MacFadden v. United States
Headline: Court denies Supreme Court review of a mailing-obscenity conviction and holds Circuit Courts of Appeals’ criminal judgments final, limiting when defendants can seek further review here.
Holding:
- Prevents Supreme Court review of criminal appeals decided by Circuit Courts of Appeals.
- Requires defendants to seek direct Supreme Court review when the law allows it.

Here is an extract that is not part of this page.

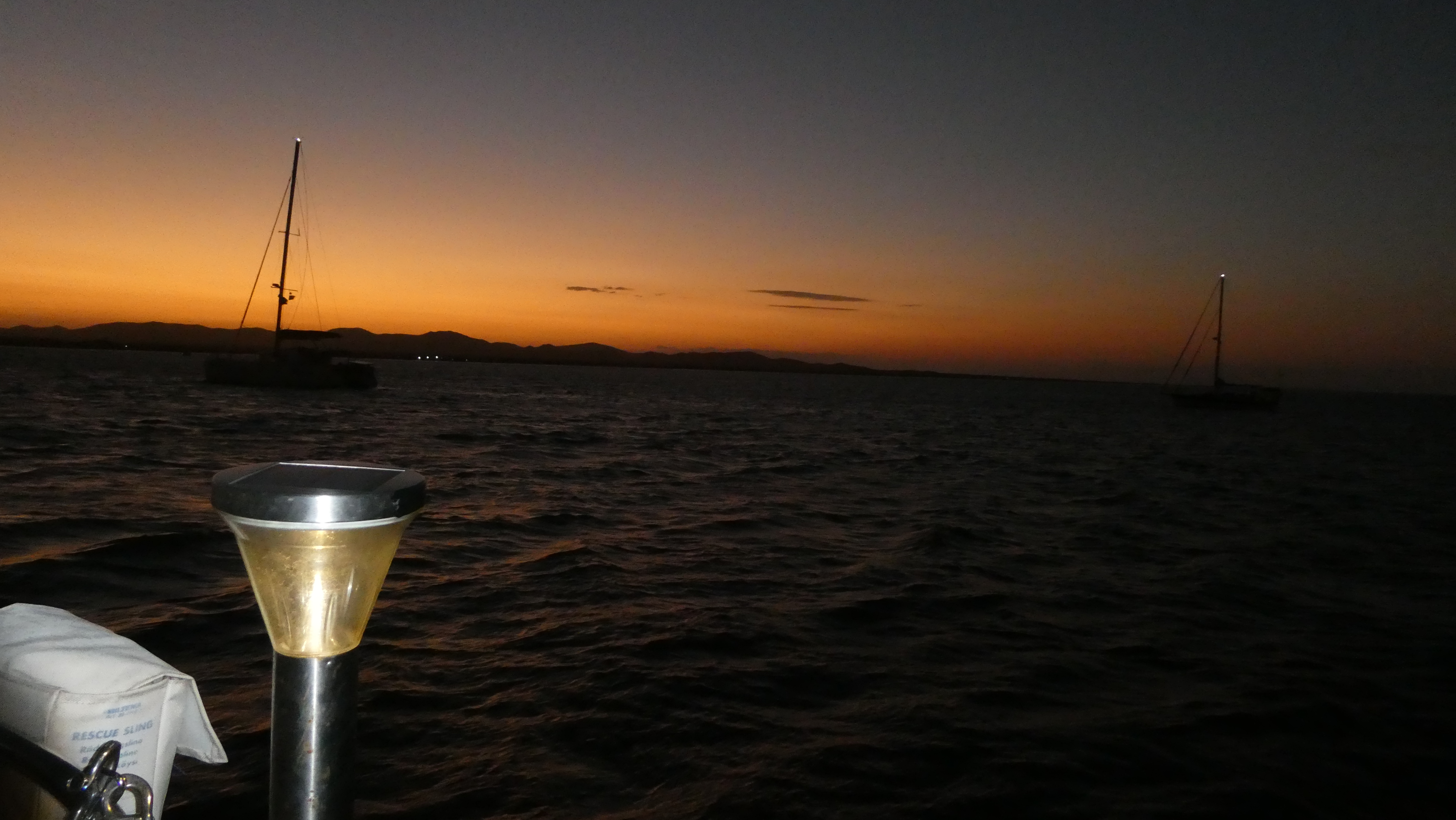 Selvfølgelig finner vi bestandig en løsning. Vi bandt alle jollene sammen og forankret oss i en begredelig brygge. Det er som sagt ikke å gå i land. En brygge er jo ikke på land.Dan og Lori på «Be-Be» på vei til møtestedet.Selvfølgelig hadde vi en kjempehyggelig sundowner. Den første i joller bundet sammen.Selvfølgelig klarte vi å drikke solen denne gangen også til en fantastisk solnedgang. Ikke noe grønt glimt da.Vi kosær vårs. Det er Jeff på «Canapasia» sin bursdag i dag. Vi sang bursdagssangen for han. Jeg tror ikke at noen av oss kan synge, for det hørtes helt skrekkelig ut. Og vakte masse latter så klart.En gang til – solnedgang. Det tok lang tid å drikke solen ned i dag

- Leaves the Circuit Court’s affirmed conviction in place without further Supreme Court review.
Summary
Background
Bemarr Macfaddén, charged in federal court in New Jersey for mailing obscene literature under a federal statute, was tried by a jury and found guilty. At trial he asked the judge to rule the statute unconstitutional for several reasons—free press, vagueness and due process, ex post facto, and improper delegation—but those requests were refused. He appealed to the Third Circuit, which affirmed his conviction, and then asked a Justice of this Court for permission to bring a writ of error directed to the Circuit Court of Appeals.
Reasoning
The Court considered whether it could review the Circuit Court of Appeals’ judgment. Under the 1891 law creating the Circuit Courts of Appeals, some cases may be taken directly to the Supreme Court, but other judgments—specifically those in criminal cases—are made final when decided by the Circuit Courts of Appeals. Because this case arose under the criminal laws, the Court concluded the Circuit Court of Appeals’ judgment was final under the statute. The opinion explained that a defendant who wanted direct Supreme Court review should have invoked that route initially; having gone to the Circuit Court of Appeals instead, he must accept its final judgment.
Real world impact
The decision refuses a path for further Supreme Court review of this criminal conviction and leaves the Circuit Court’s ruling in place. It does not decide whether the underlying obscenity statute is constitutional on the merits; it only enforces the statutory limits on when the Supreme Court will hear such criminal appeals.